- Exercise description
All pictures should be dropped, and only the lines from the top of the entries below through the line containing "- Size: Width" repeated exactly, both ends included.

- Record excerpts

▬▬▬

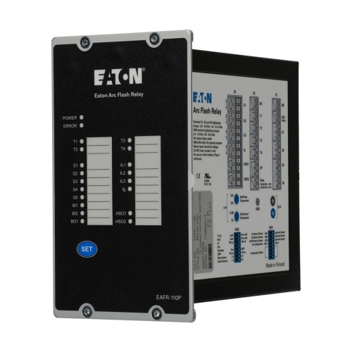 Eaton EAFR-110P - Arc Flash Relay, 5A, 1A, 80-265 Vac/dc, 2 high speed outputs (2 ms), Arc Flash,, 120-240Vdc, 125-250Vac, Normally Open, 50/60 Hz, Panel, 12 Max point sensors, 4 trip relays
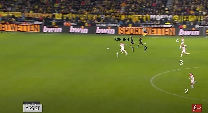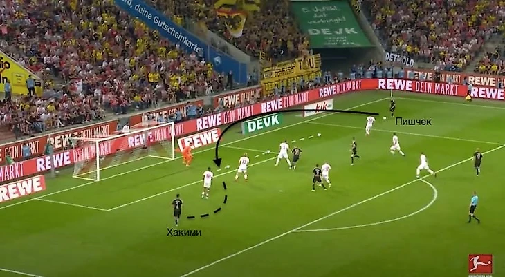 Вертикальные прорывы Хакими за спину защитникам – пушка. За ним невозможно угнаться (самый быстрый игрок в Бундеслиге)
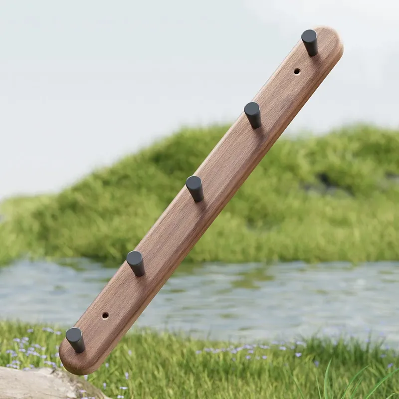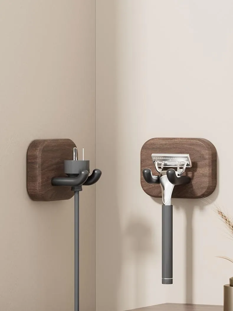ウォールマウント式の胡桃木製コートハンガー - 強力な粘着フックで、壁に穴を開けずに簡単取り付け!シンプルでおしゃれなデザインで、玄関やリビングに最適です。
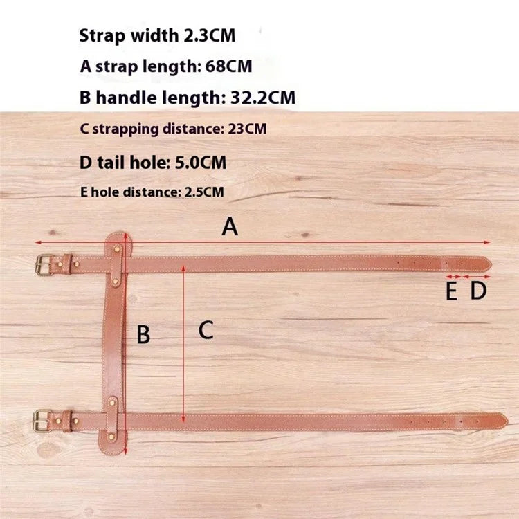 - Size: Width 2.3cm; A length 68cm; B handle length 32.2cm; handle width 4cm; C strap distance 23cm; D tail hole 5m; E hole and D hole distance 2.5cm
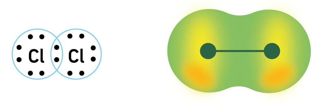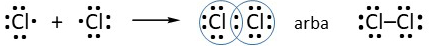Kovalentinio ryšio susidarymas tarp dviejų chloro atomų, susidarant Cl2 molekulei, gali būti pavaizduota panašiai:
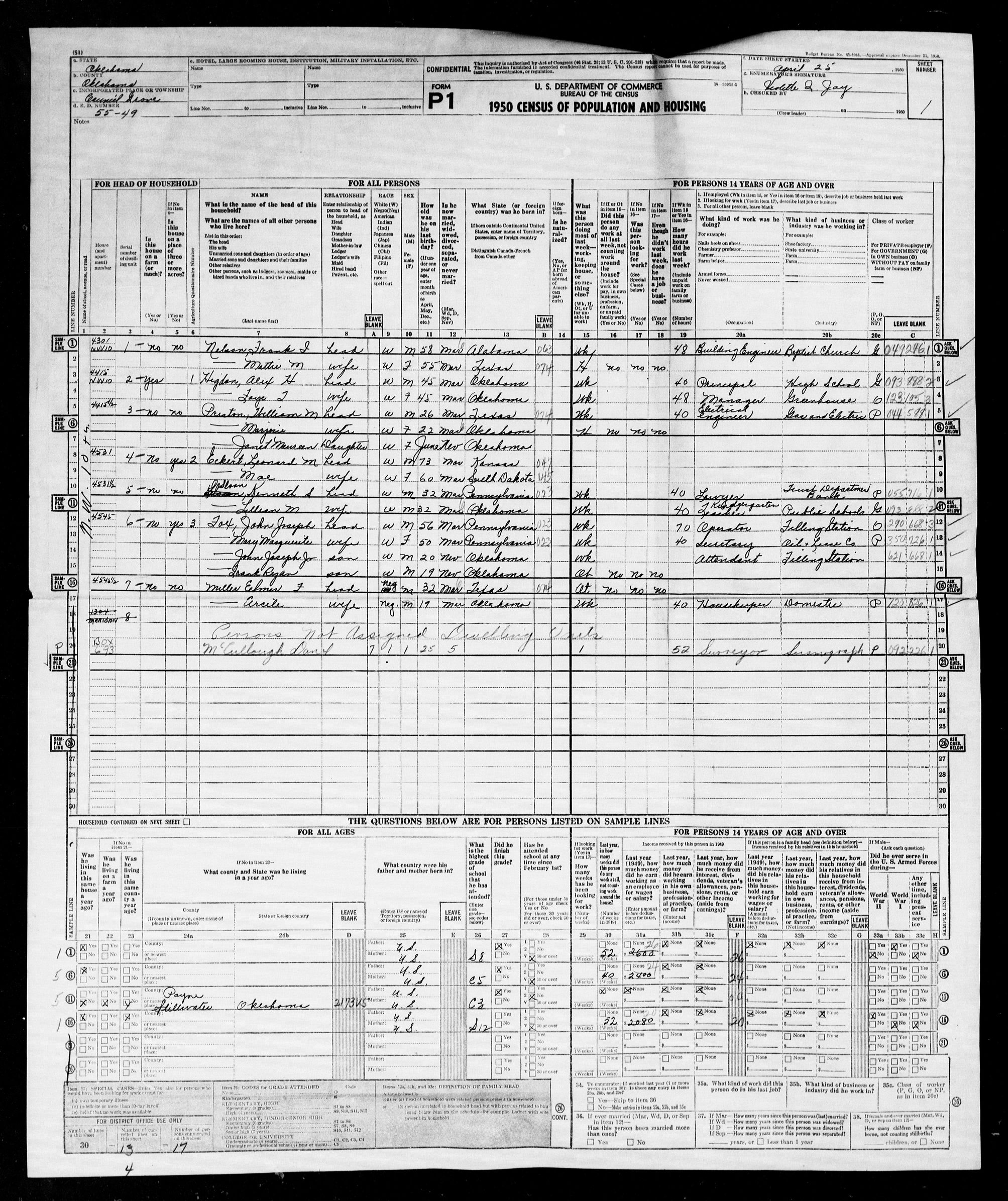 | Line | Family | Name | Relation | Race | Sex | Age | Status | Birthplace | Occupation | School | Vet | Vet War | Children |
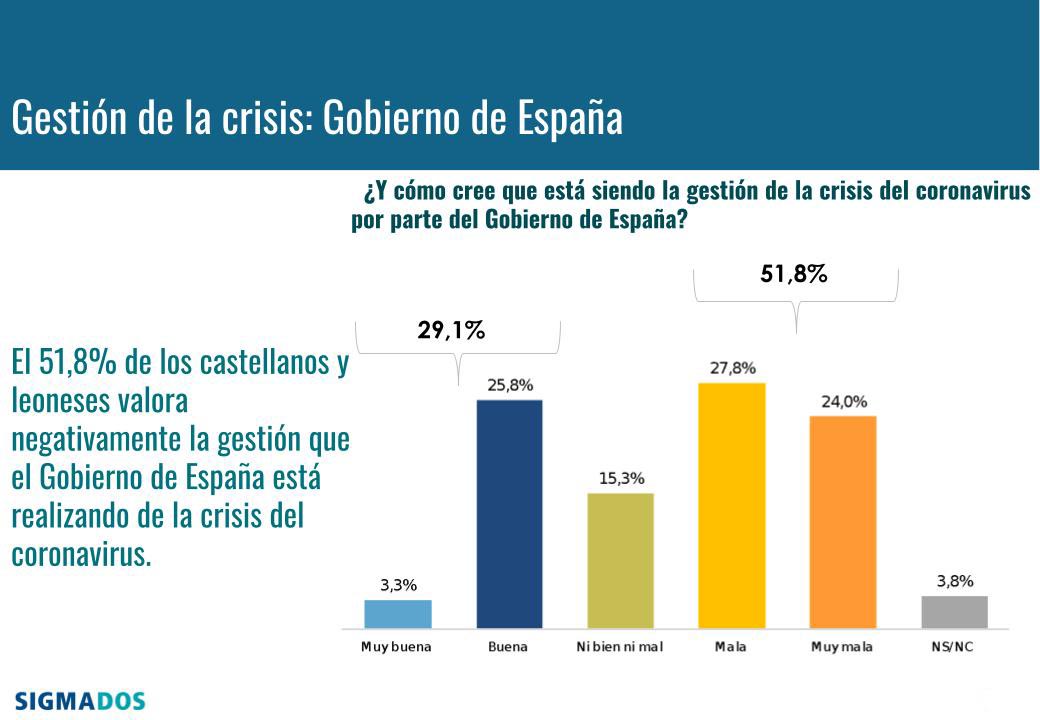En lo que se refiere a la gestión de la crisis por parte del Ejecutivo central, la encuesta refleja el predominio de valoraciones negativas, ya que para el 51,8% de los castellanos y leoneses es mala o muy mala frente al 29,1 que sostiene que es buena o muy buena.
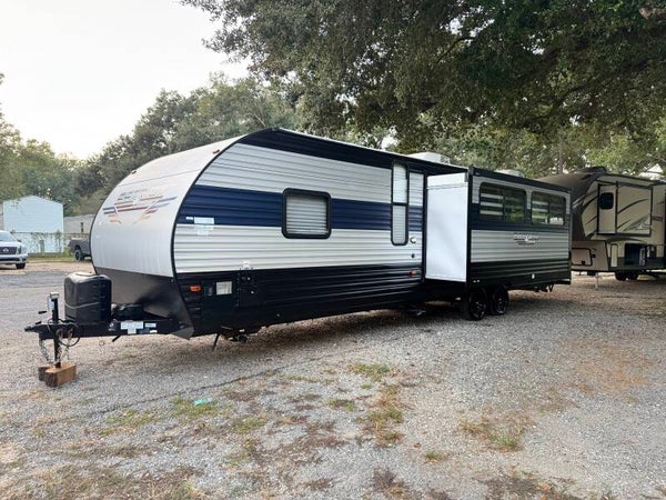 Recreational RV SALES LLC The blue book IS $ 28,600 We are ASKING $ 14,500 We have a YEAR 2022 Cherokee by Forest River Grey Wolf MODEL 29TE 36 ft Q bunkhouse All the bells and whistles ELECTRIC awning AND LED IN AND OUT Washer and dryer hook up Big Bathroom out side kitchen CAMPERS IS ALL READY TO GO AND COMES WITH EVERY THING YOU NEED GO CAMPING TODAY Power cord 2 gas bottle tanks Sewage line Water hose Tire chucks Spare tire You don’t need nothing NO PROBLEMS or issues with this camper GOOD TIRES Fully self-contained 2 FULL Kitchen 1 bathroom cold 2 ACs 50 AMP Power service And bumper pull 2/5/16 ball for towing LBS DRY 9500 Come see me at Recreational RV SALES LLC 10:00 to 7:30
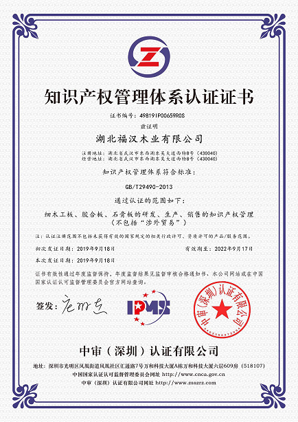 熱烈祝賀湖北福漢木業(yè)有限公司于2019年9月獲得知識(shí)產(chǎn)權(quán)貫標(biāo)認(rèn)證證書,這意味著湖北福漢木業(yè)在知識(shí)產(chǎn)權(quán)領(lǐng)域獲得到重要認(rèn)可,在知識(shí)產(chǎn)權(quán)方面得到進(jìn)一步規(guī)范和在綜合競(jìng)爭(zhēng)力得到進(jìn)一步提升。
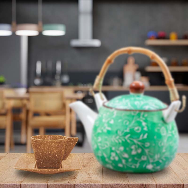 Kit 6 Xícara E Pires 50mL Fibra Madeira Green
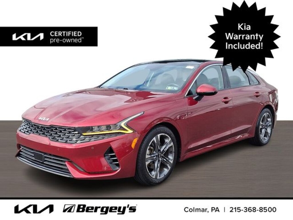 NEW ARRIVAL! SUPER CLEAN KIA CERTIFIED K5 EX!! RED ON BLACK LEATHER! THE RIGHT ONE! SAVE THOUSANDS ON THIS BEAUTIFUL KIA!! ONLY ONE OWNER, CLEAN CARFAX, AND WELL CARED FOR!!! *******AN ORIGINAL BERGEYS KIA CAR. SOLD, SERVICED, AND NOW TRADED BACK TO BERGEYS!!***** COMES FULLY SERVICED W/ NEW PA INSPECTION, OIL CHANGE, A FRESH DETAIL, AND A GREAT WARRANTY!!
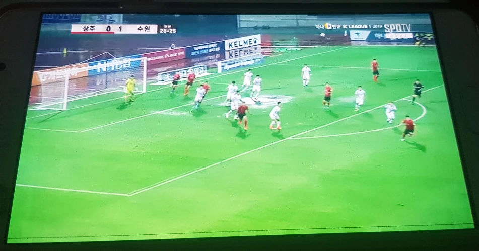 그리고 주말에도 비가 왔다. 우리 수원은 상주와의 원정 경기였다. 상주에는 비가 꽤 온 모양이었다. 난 또 한발 늦었다. 전반 5분 쯤에 한석희의 데뷔골이 들어갔다고 한다. 1:0인 상에서 뒤늦게 중계화면을 틀었다.
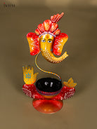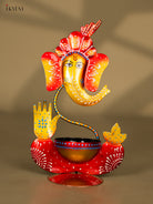 Iron Hand Painted Ganesha T-light Holder - Red 11 Inch - KK20116
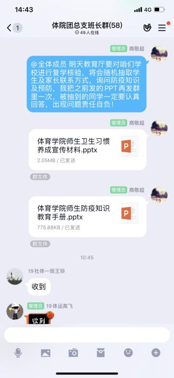 组织全体师生观看国家广播电视总局播出的《2020开学第一课》并要求每名同学认真观看,总结观后感。为了推动学习,体育学院专门整理了一套疫情防控应知应会题库,通过工作群、微信公众号等平台发送,对师生加强全覆盖宣传教育。

▬▬▬

- Written response
 Eaton EAFR-110P - Arc Flash Relay, 5A, 1A, 80-265 Vac/dc, 2 high speed outputs (2 ms), Arc Flash,, 120-240Vdc, 125-250Vac, Normally Open, 50/60 Hz, Panel, 12 Max point sensors, 4 trip relays
 Вертикальные прорывы Хакими за спину защитникам – пушка. За ним невозможно угнаться (самый быстрый игрок в Бундеслиге)
ウォールマウント式の胡桃木製コートハンガー - 強力な粘着フックで、壁に穴を開けずに簡単取り付け!シンプルでおしゃれなデザインで、玄関やリビングに最適です。
 - Size: Width 2.3cm; A length 68cm; B handle length 32.2cm; handle width 4cm; C strap distance 23cm; D tail hole 5m; E hole and D hole distance 2.5cm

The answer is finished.